● **PROBLEM TO WORK ON**:
The full listing, returned exactly and free of pictures, is the expected answer.

*** MATERIAL FOR THIS TASK Section Begins ***

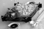 素食有外形模拟和味道模拟的不同,这道龙虾刺身看起来洁白的“虾肉”中有丝丝缕缕的红色肌理,放在冰块之上,蘸着青芥辣吃,口感冰、爽、脆、冲。闭上眼睛以为吃的就是龙虾,可谓形神兼备,模拟到家。
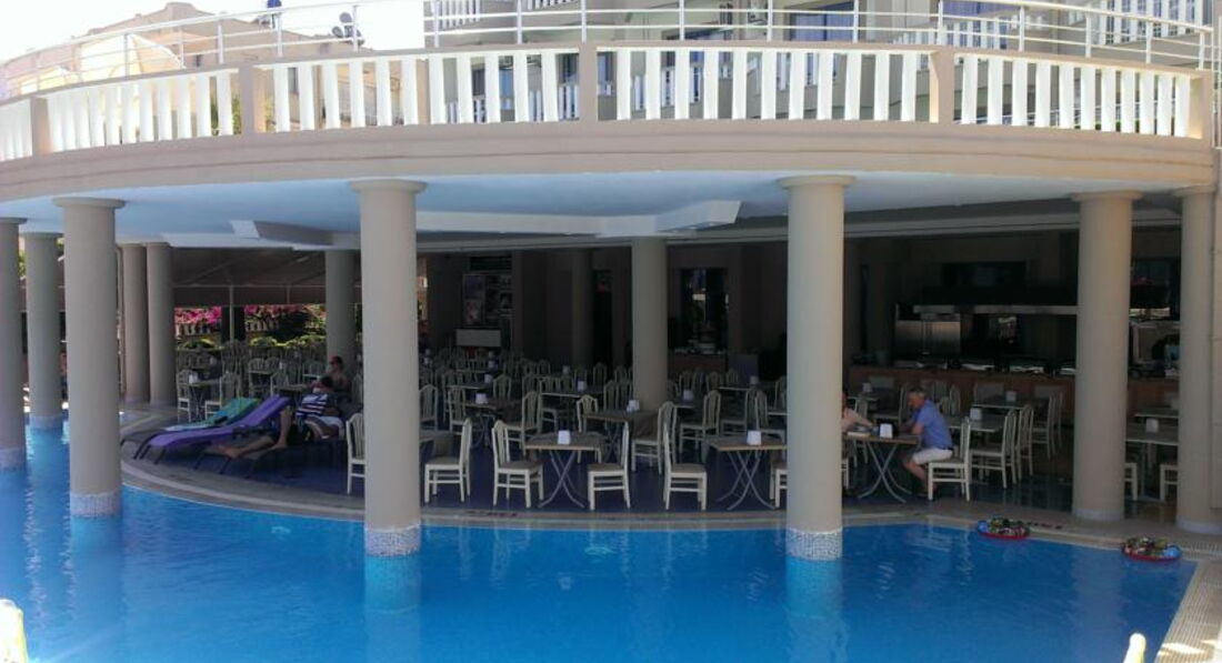Питание. Весьма разнообразное и все свежее. За 10 дней не приелось, потому что всегда можно было выбрать что то новое. Из фруктов правда только апельсины и арбузы были. Отдыхали в Кемере в это же время, выбор фруктов в отеле был больше. Однако складывается ощущение, что наши соотечественники самые голодные и дома едят исключительно омаров, мраморную говядину и черную икру ложками. Да, в Турции не варят борщи и нет свинины, а говядина очень дорогая и в отелях среднего уровня ее не подают. Берите путевки без еды и питайтесь в кафешках, которых уйма в Мармарисе, цены правда не очень либеральные. Из алкоголя понравилось только пиво, вино не пришлось по вкусу, а крепкие не пробовала. Единственное на баре дают один напиток в одни руки, не всегда это удобно. Иногда правда когда нет управляющих бармены могут налить 2 стакана.
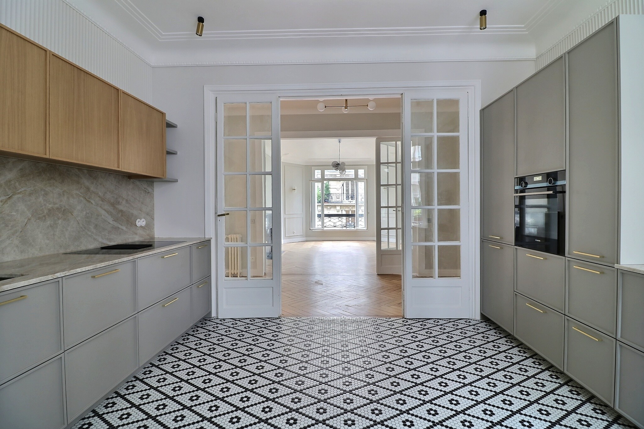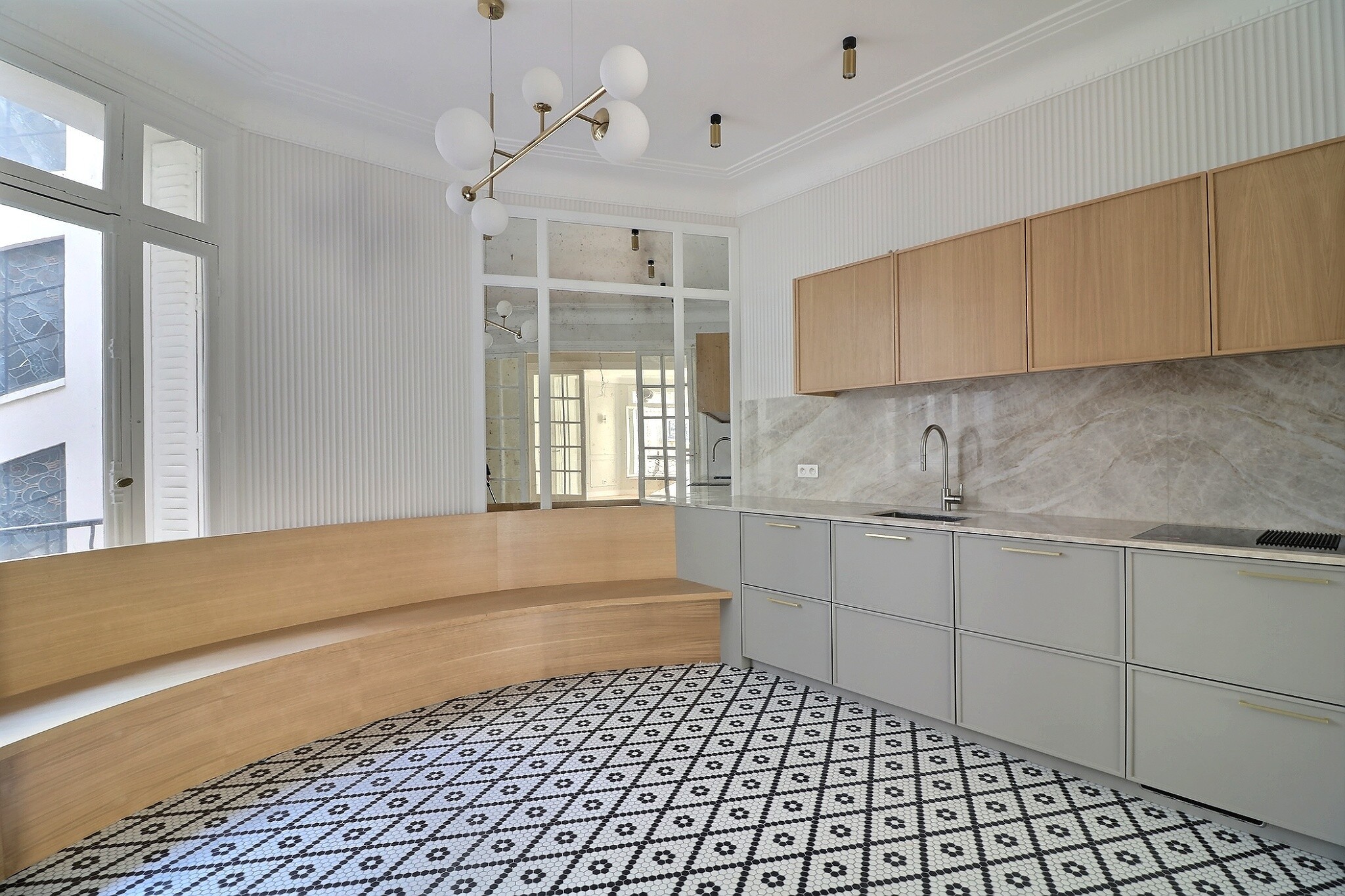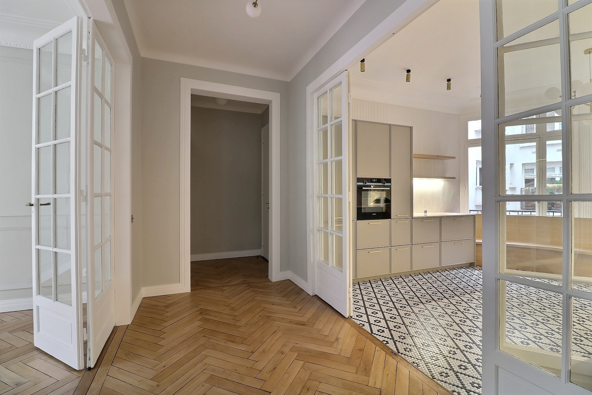 Au 4eme étage avec ascenseur, très bel Appartement refait à neuf par architecte, très clair et ensoleillé, comprenant une cuisine dinatoire aménagée et équipée, salon, salle à manger, 3 chambres et 3 salles d'eau, 2 toilettes, rangements, une studette accessible depuis l'appartement au 6ème (avec ascr) également à neuf, une cave, une cave à vin, un box. Surface appartement 147m2+Studette 8m2 en option.
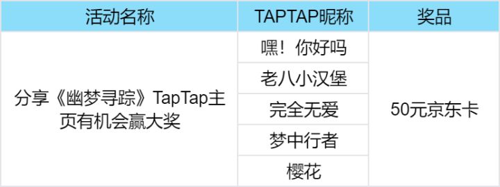 【已开奖】预下载开放 | 分享幽梦寻踪TapTap主页有机会赢大奖~
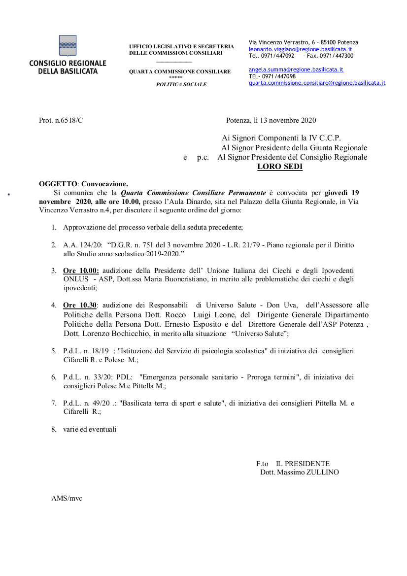 Si comunica che l’o.d.g. della Quarta Commissione Consiliare Permanente, già convocata per giovedì 19 novembre 2020, alle ore 10.00 , presso l’Aula Dinardo, sita al piano terra del Palazzo della Giunta Regionale, di Via Verrastro n. 4, è integrato con i seguenti punti:
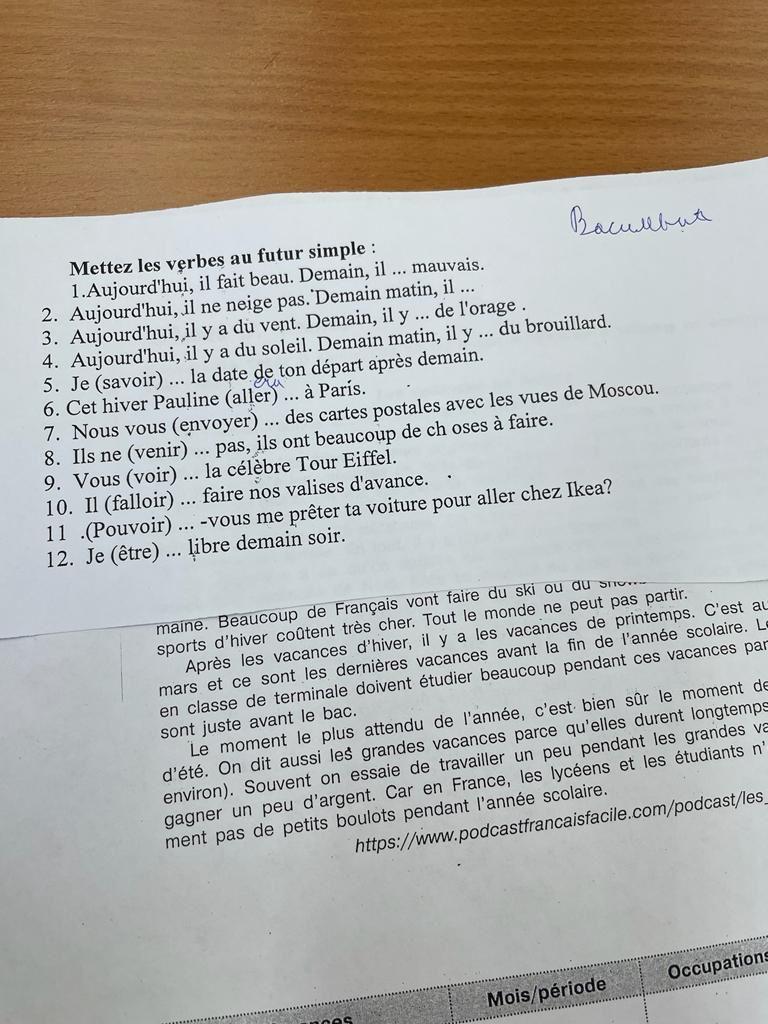 поставьте слова в futur simple !! ( верхняя бумажка предложения под номерами)

*** MATERIAL FOR THIS TASK Section Ends ***

● **ANSWER SECTION**:
 素食有外形模拟和味道模拟的不同,这道龙虾刺身看起来洁白的“虾肉”中有丝丝缕缕的红色肌理,放在冰块之上,蘸着青芥辣吃,口感冰、爽、脆、冲。闭上眼睛以为吃的就是龙虾,可谓形神兼备,模拟到家。
Питание. Весьма разнообразное и все свежее. За 10 дней не приелось, потому что всегда можно было выбрать что то новое. Из фруктов правда только апельсины и арбузы были. Отдыхали в Кемере в это же время, выбор фруктов в отеле был больше. Однако складывается ощущение, что наши соотечественники самые голодные и дома едят исключительно омаров, мраморную говядину и черную икру ложками. Да, в Турции не варят борщи и нет свинины, а говядина очень дорогая и в отелях среднего уровня ее не подают. Берите путевки без еды и питайтесь в кафешках, которых уйма в Мармарисе, цены правда не очень либеральные. Из алкоголя понравилось только пиво, вино не пришлось по вкусу, а крепкие не пробовала. Единственное на баре дают один напиток в одни руки, не всегда это удобно. Иногда правда когда нет управляющих бармены могут налить 2 стакана.
 Au 4eme étage avec ascenseur, très bel Appartement refait à neuf par architecte, très clair et ensoleillé, comprenant une cuisine dinatoire aménagée et équipée, salon, salle à manger, 3 chambres et 3 salles d'eau, 2 toilettes, rangements, une studette accessible depuis l'appartement au 6ème (avec ascr) également à neuf, une cave, une cave à vin, un box. Surface appartement 147m2+Studette 8m2 en option.
 【已开奖】预下载开放 | 分享幽梦寻踪TapTap主页有机会赢大奖~
 Si comunica che l’o.d.g. della Quarta Commissione Consiliare Permanente, già convocata per giovedì 19 novembre 2020, alle ore 10.00 , presso l’Aula Dinardo, sita al piano terra del Palazzo della Giunta Regionale, di Via Verrastro n. 4, è integrato con i seguenti punti:
 поставьте слова в futur simple !! ( верхняя бумажка предложения под номерами)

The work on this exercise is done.